- Event poster featuring PCO and Rush
- Promotion: Ring of Honor
- Date: December 13, 2019 (PPV) December 15, 2019 (TV tapings)
- City: Baltimore, Maryland Philadelphia, Pennsylvania
- Venue: UMBC Event Center 2300 Arena
- Attendance: 1,000

Event chronology
| ← Previous Death Before Dishonor XVII | Next → ROH 18th Anniversary Show |

Final Battle chronology
| ← Previous 2018 | Next → 2020 |

= Final Battle (2019) =

2019 Ring of Honor professional wrestling event

Final Battle (2019) was a two-night professional wrestling event produced by American promotion Ring of Honor (ROH). It took place on Friday, December 13 and Sunday, December 15, 2019, at the UMBC Event Center in Baltimore, Maryland and the 2300 Arena in Philadelphia, Pennsylvania, respectively. Friday's show was a pay-per-view broadcast, while Sunday's was a set of tapings for ROH's flagship program Ring of Honor Wrestling. It was the 18th event under the Final Battle chronology.

==Storylines==
The event featured professional wrestling matches, which involve different wrestlers from pre-existing scripted feuds, plots, and storylines that play out on ROH's television programs. Wrestlers portray villains or heroes as they follow a series of events that build tension and culminate in a wrestling match or series of matches.
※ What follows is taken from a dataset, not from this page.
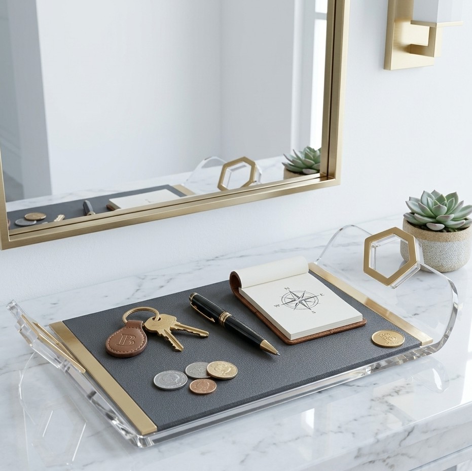 Versatilità d’Arredo: Ideale come svuota tasche di rappresentanza per ingressi moderni, o come vassoio decorativo per scrivanie direzionali e tavolini da caffè.

PCO challenged Rush for the ROH World Championship by virtue of winning an eight-man single elimination tournament to determine the #1 contender for the title at this event. PCO defeated Kenny King in the first round, Dalton Castle in the semifinals and then his Villain Enterprises stablemate Marty Scurll in the final.

==Results==
===Night 1 Final Battle (PPV)===

| No. | Results | Stipulations | Times |
| 1^{P} | Silas Young and Josh Woods defeated Dalton Castle and Joe Hendry | Tag team match | 09:14 |
| 2^{P} | Kenny King (with Amy Rose) defeated Rhett Titus | Singles match | 11:10 |
| 3^{P} | Jeff Cobb defeated Dan Maff | Singles match | 08:50 |
| 4 | Bandido and Flamita defeated Villain Enterprises (Marty Scurll and Flip Gordon) (with Brody King) | Tag team match | 13:51 |
| 5 | Vincent defeated Matt Taven | Singles match | 13:32 |
| 6 | Mark Haskins (with Vicky Haskins) defeated Bully Ray | Street Fight | 16:30 |
| 7 | Alex Shelley defeated Colt Cabana | Singles match | 06:31 |
| 8 | Maria Manic defeated Angelina Love (with Mandy Leon) | Singles match | 06:24 |
| 9 | Dragon Lee defeated Shane Taylor (c) (with Bishop Khan, Malcolm Moses, and Ron Hunt) | Singles match for the ROH World Television Championship | 14:34 |
| 10 | Jay Lethal and Jonathan Gresham defeated The Briscoe Brothers (Jay Briscoe and Mark Briscoe) (c) | Tag team match for the ROH World Tag Team Championship | 21:54 |
| 11 | PCO (with Destro) defeated Rush (c) | "Friday the 13th Massacre" No Disqualification match for the ROH World Championship | 22:23 |
| (c) | – the champion(s) heading into the match |
| P | – the match was broadcast on the pre-show |

===Night 2: Final Battle Fallout (TV tapings)===

| No. | Results | Stipulations |
|---|---|---|
| 1 | Mark Haskins defeated Hallowicked | Singles match |
| 2 | Nicole Savoy defeated Sumie Sakai | Singles match |
| 3 | Jonathan Gresham defeated Alex Shelley | Singles match |
| 4 | Bateman defeated Tracy Williams | Singles match |
| 5 | Silas Young and Josh Woods defeated The Briscoes | #1 contender Tag Team match for the ROH World Tag Team Championship |
| 6 | Flip Gordon defeated Rey Horus | Singles match |
| 7 | Villain Enterprises (PCO and Marty Scurll) defeated Jeff Cobb and Dan Maff | Tag Team match |

== Reception ==
When the main event was announced, PCO's election as Rush's rival for the World Championship was questioned, due to his age (51 years old). Also, PCO's title win was criticized. On the December 23, Wrestling Observer Newsletter published a poll where the PCO vs Rush was voted as the worst match of the event. Dave Meltzer gave the match a one star, saying "There were style issues between the two and the craziness just didn’t work in a world title situation".